History of Education: Selected Moments of the 20th Century

A work in progress edited by Daniel Schugurensky
Department of Adult Education, Community Development and Counselling Psychology,
The Ontario Institute for Studies in Education of the University of Toronto (OISE/UT)

1995

SP 1: The Resolution by The Regents of the University of California to Eliminate Race and Gender from the Admissions Process.



In July 1995, The Regents of the University of California, the University's 26 member governing board, adopted a resolution known as SP 1, that eliminated the consideration of race and gender in the admissions process. Under the new admissions policy, the University of California (UC) would admit no less than 50 percent and no more than 75 percent of freshmen on academic criteria. The remaining 25 percent to 50 percent of the class would be selected using academic criteria and additional measures--such as special talents, achievements and awards--to assess academic promise and potential to contribute to the educational environment of the campus. The new admissions policy was implemented for graduate students entering the UC in the fall of 1997, and for a majority of undergraduates in the spring quarter of 1998.

Prior to the adoption of SP 1, the nine UC campuses enrolled about 60% of their students on the basis of grades and tests, including SATs (Scholastic Aptitude Test). In the belief that test scores are not the only measure of student potential, admissions* offices enrolled 40% on the basis of grades and other factors, including special talents and experiences, income, family background, race and ethnicity.

Admission on the basis of a combination of academic and supplemental criteria, including race and ethnicity, also served to diversify the University. While the University naturally attracted students with a broad range of academic and other interests prior to the implementation of affirmative action policies, they had not had sufficient success in achieving ethnic and socio-economic diversity.

Under the 1960 Master Plan for Higher Education, the University of California provides a place on one of its campuses for all interested students in the top 12.5% of the state*s high school graduates. For many under-represented groups, the major barrier for admission to the University of California was eligibility. African American and Hispanic eligibility rates were significantly below the 12.5 percent established by the Master Plan. The University's conclusion was that the only way to make real progress in achieving their goal for diversity was to admit every eligible under-represented minority student to their first campus of choice - usually the University's flagship campuses, including UC Berkeley and UCLA - even as they began to redirect many non-minority students to their campus of second choice. Each UC campus adopted this same strategy as its circumstances warranted.

As the decade progressed, another trend emerged. UCLA and UC Berkeley experienced a surge in freshman applications. Both responded by increasing the freshman class size and by instituting more stringent academic selection criteria. Gone was the day when all eligible applicants could be accommodated. UC's two flagship campuses were now selecting the best prepared among the abundance of qualified applicants.

In his presentation to the University of California Regents on July 20, 1990, UCLA Chancellor Charles Young stated, "In 1980, UCLA processed and admitted all students who were UC-eligible, no matter how marginally. Today, we are highly selective, admitting only about 40 percent of all applicants....As further evidence of the dramatic changes that have taken place at UCLA, consider the volume of applications to the University. In 1980, UCLA processed 9,000 applications and admitted all UC eligibles. In 1989, 24,000 students applied and only 10,613 were admitted."

It should also be noted that the increased competitiveness at the UC also coincided with a sluggish economy in the early 1990's. Bad economic times led to many initiatives targeting perceived threats to the fiscal well-being of the middle class--the cost of illegal immigration and unfair affirmative action programs in the jobmarket. Many middle-class families saw the University of California's high quality, low cost college education as providing some security in an uncertain future and affirmative action programs in admissions and hiring practices were taking that away.

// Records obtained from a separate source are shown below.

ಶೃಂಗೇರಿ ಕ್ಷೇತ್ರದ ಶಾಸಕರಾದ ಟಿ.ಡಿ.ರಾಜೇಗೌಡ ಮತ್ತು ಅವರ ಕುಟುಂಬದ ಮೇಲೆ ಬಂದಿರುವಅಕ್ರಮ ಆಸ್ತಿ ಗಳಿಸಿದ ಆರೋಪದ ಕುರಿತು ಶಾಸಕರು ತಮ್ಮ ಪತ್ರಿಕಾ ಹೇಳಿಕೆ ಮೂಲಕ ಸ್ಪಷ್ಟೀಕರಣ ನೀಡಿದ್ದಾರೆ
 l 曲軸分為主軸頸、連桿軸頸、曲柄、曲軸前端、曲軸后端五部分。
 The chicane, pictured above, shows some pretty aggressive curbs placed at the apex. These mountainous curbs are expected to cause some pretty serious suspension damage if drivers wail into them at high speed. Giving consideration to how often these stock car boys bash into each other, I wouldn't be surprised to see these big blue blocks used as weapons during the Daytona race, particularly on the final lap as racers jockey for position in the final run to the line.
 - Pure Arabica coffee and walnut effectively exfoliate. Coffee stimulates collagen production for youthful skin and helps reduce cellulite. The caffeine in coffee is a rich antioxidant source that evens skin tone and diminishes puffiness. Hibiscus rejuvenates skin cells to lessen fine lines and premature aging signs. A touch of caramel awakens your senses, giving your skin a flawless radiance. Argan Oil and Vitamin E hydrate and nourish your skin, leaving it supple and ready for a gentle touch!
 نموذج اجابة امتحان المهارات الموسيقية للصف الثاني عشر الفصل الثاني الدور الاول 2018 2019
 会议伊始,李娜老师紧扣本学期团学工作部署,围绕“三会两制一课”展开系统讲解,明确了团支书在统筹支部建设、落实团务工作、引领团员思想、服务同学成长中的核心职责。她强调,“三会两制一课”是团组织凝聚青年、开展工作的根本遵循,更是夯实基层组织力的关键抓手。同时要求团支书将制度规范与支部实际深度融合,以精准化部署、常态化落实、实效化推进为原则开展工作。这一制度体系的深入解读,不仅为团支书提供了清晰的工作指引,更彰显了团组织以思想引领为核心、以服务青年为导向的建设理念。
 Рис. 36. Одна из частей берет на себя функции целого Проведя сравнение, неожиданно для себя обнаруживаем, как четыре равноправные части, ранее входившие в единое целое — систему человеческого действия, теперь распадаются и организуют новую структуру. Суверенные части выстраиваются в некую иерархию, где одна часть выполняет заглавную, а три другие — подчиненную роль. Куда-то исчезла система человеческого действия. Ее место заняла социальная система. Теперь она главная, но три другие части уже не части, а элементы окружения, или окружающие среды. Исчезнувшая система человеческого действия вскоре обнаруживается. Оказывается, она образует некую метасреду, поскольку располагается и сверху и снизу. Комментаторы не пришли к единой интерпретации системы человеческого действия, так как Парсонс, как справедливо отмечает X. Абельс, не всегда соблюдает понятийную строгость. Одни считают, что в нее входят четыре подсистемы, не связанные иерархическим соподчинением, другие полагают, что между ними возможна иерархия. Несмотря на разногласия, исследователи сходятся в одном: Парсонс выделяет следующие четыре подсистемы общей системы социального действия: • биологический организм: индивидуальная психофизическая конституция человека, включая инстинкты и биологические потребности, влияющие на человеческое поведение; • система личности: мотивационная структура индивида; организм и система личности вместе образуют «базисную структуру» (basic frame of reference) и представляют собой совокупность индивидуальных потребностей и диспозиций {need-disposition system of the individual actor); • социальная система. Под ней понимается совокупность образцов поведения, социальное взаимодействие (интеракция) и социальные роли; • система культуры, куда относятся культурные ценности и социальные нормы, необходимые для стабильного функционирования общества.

The Regents' decision to implement SP-1 over the combined objections of then-UC President Jack Peltason, the Academic Council and all nine campus chancellors had also sparked a renewed debate over the Board's autonomy and the issue of shared governance at UC. But the most dramatic impact of the policy may be if the Regent's decision marks the beginning of the end of affirmative action, and what impact ending affirmative action will eventually mean.

Sources: UCLA Freshman Admissions in the 1990's: A Decade of Rapid Change, Presentation to the University of California Regents by Chancellor Charles E. Young, July 20, 1990.

University of California Fact Sheet: Implementation of SP 1, University of California, Office of the President, 1996.